TL;DR
This paper investigates the electrical responses of slime mould P. polycephalum to tactile stimulation, aiming to develop localized input methods for slime mould-based computing devices by analyzing its dynamic electrical behavior.
Contribution
It introduces a novel approach to tactile input for slime mould computers by studying their electrical responses to mechanical pressure in laboratory experiments.
Findings
Physarum responds to tactile stimulation with electrical impulses.

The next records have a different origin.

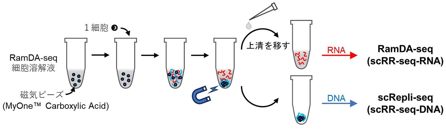 この新しい手法を確立するため、まず1細胞からDNAとRNAを分離する手法を検討しました(図2)。その結果、カルボキシル基を含む磁気ビーズを用いることで、ゲノムDNAを選択的に捕捉できることがわかりました。具体的には、単一細胞を溶解して作ったDNAとRNAを含む溶液中に磁気ビーズを加え、磁気スタンドでビーズに結合したDNAを分離します。これにより、RNAは溶解液中に残り、DNAはビーズに保持されます。この分離操作後に、DNAはscRepli-seq、RNAはRamDA-seqに供しました。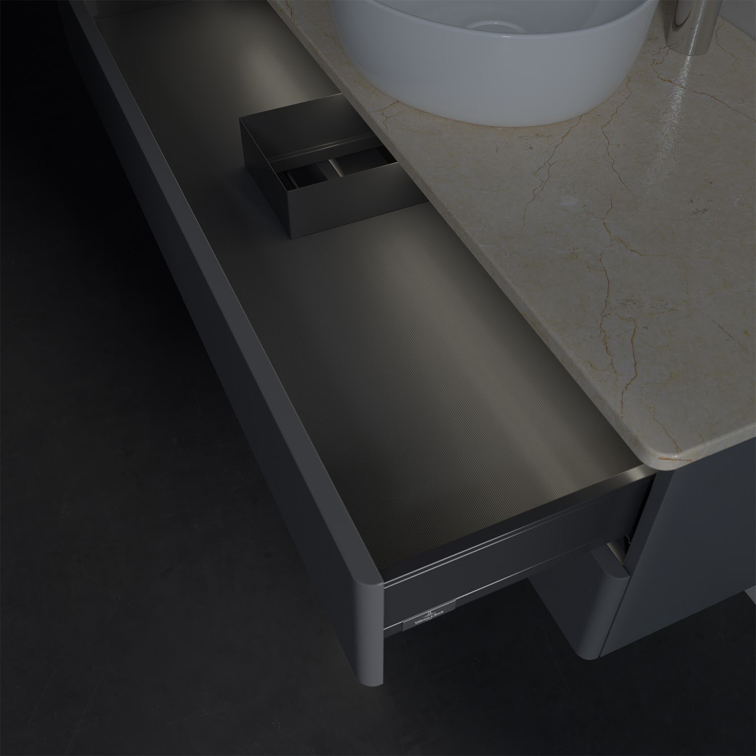 - kein Umfallen oder Verrutschen von Pflegeprodukten in den Schubladen dank rutschhemmendem Boden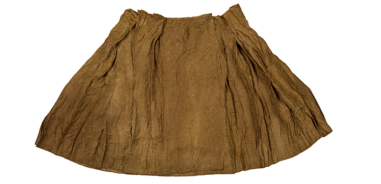 黄褐色绸地织灵芝竹叶纹马面裙 明 长83厘米 宽123厘米 上饶市博物馆藏 2016年江西省上饶市广信区白岭明墓出土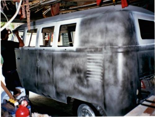 All rust cut out and repaired by panel beater. Sprayed undercoat with white around windows.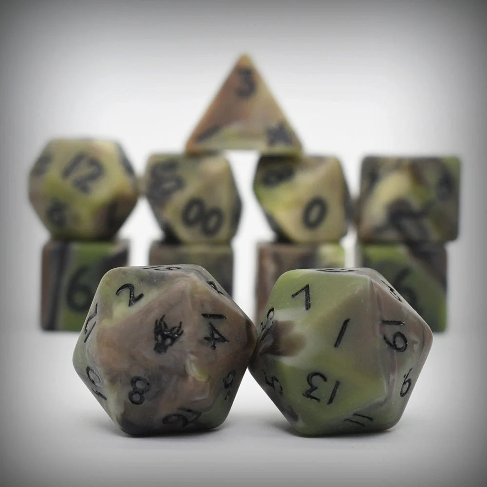 This dice set by Random Encounter Dice (R.E.D.) contains all the colors necessary to create the perfect, classic camouflage in lush, forested environments. Perfect for campaign settings in forests or woodlands and an excellent companion for rangers that call such environments home. The R.E.D. team's dragon head logo replaces the 20 on the d20.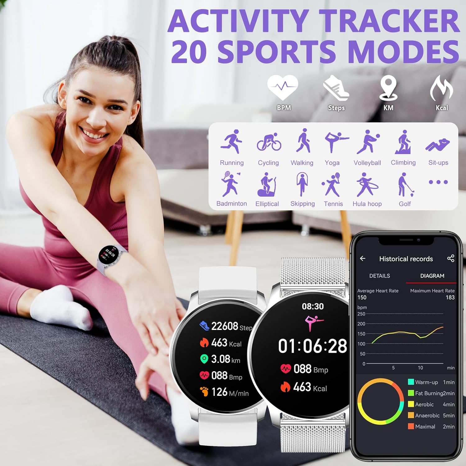 ACTIVITY TRACKER & 20 SPORTS MODES: Fitness tracker for women with sport optical sensors detects and records all-day activities such as steps, calories, and distances. The fitness watch for women also supports 20 sports modes(walking, running, yoga, cycling, climbing, etc.) and tracks heart rate, calorie consumption, steps, and active minutes during a workout. You can see more detailed data on the App to help you reach your fitness goals. The best choice for sports enthusiasts
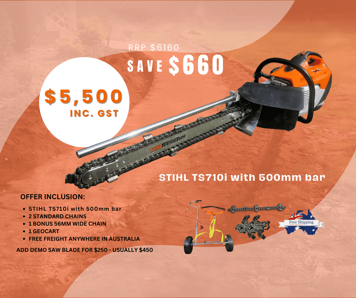 The STIHL TS710i Package Deal is a premium trenching solution built for Australian contractors who demand power, precision, and reliability on every job site.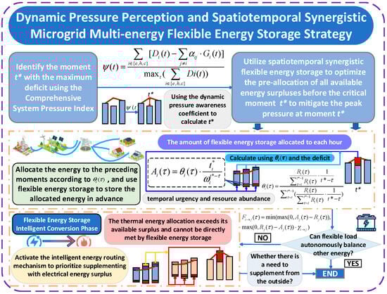 To address the challenge of achieving dynamic balance between supply and demand in microgrid systems, these systems feature coupled electrical, thermal, and cooling energy flows. This paper proposes a dynamic pressure-aware spatiotemporal collaborative optimization scheduling strategy. The strategy is driven by “flexible energy storage.” This strategy aims to transcend the limitations of traditional energy storage. Traditional storage primarily shifts energy across time and space. Our strategy establishes a closed-loop intelligent decision-making framework, which follows the sequence: “state perception → dynamic assessment → flexible energy storage → smart conversion → load optimization.”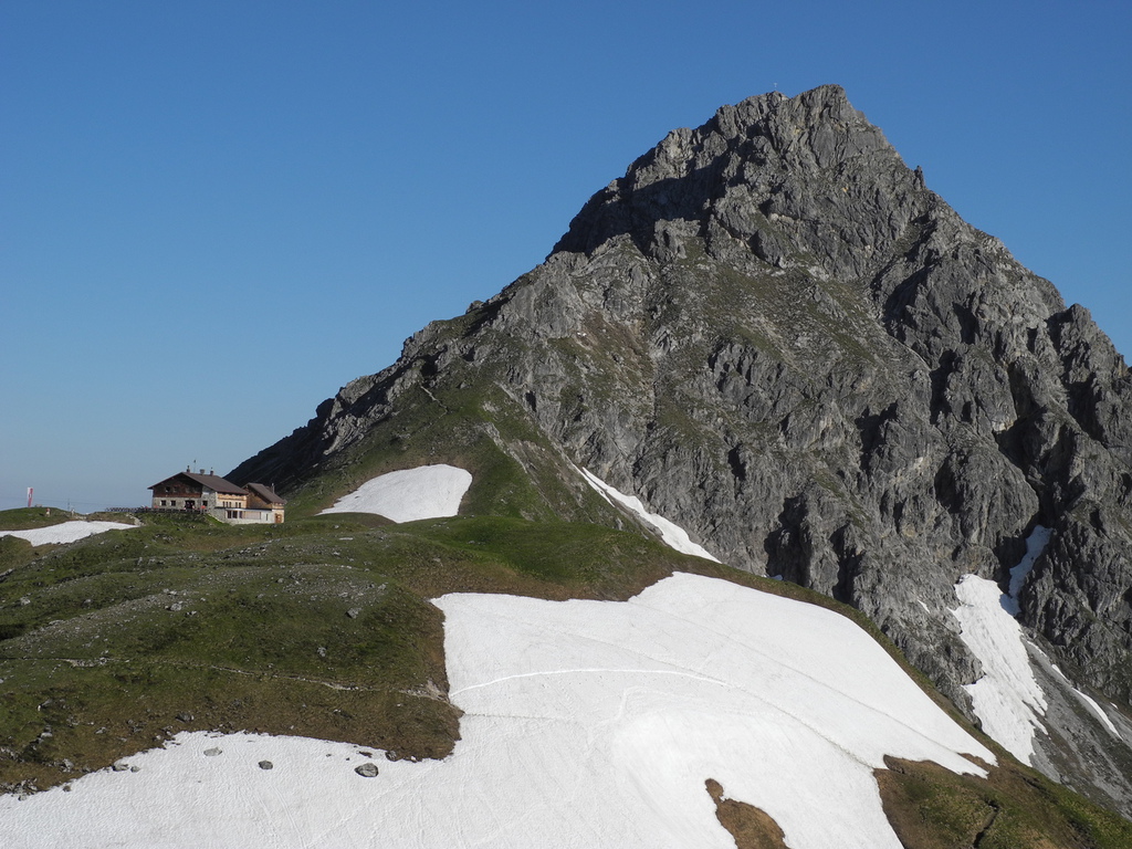 Am Ende des Mindelheimer Klettersteigs erblicken wir noch die sehr schön gelegene Mindelheimer Hütte ehe wir ins Kleinwalsertal zu unseren Autos absteigen.

Mechanical pressure alters electrical oscillation patterns.
Potential for localized tactile inputs in slime mould computing.
Abstract
Slime mould P. polycephalum is a single cells visible by unaided eye. The cells shows a wide spectrum of intelligent behaviour. By interpreting the behaviour in terms of computation one can make a slime mould based computing device. The Physarum computers are capable to solve a range of tasks of computational geometry, optimisation and logic. Physarum computers designed so far lack of localised inputs. Commonly used inputs --- illumination and chemo-attractants and -repellents --- usually act on extended domains of the slime mould's body. Aiming to design massive-parallel tactile inputs for slime mould computers we analyse a temporal dynamic of P. polycephalum's electrical response to tactile stimulation. In experimental laboratory studies we discover how the Physarum responds to application and removal of a local mechanical pressure with electrical potential impulses and changes in its…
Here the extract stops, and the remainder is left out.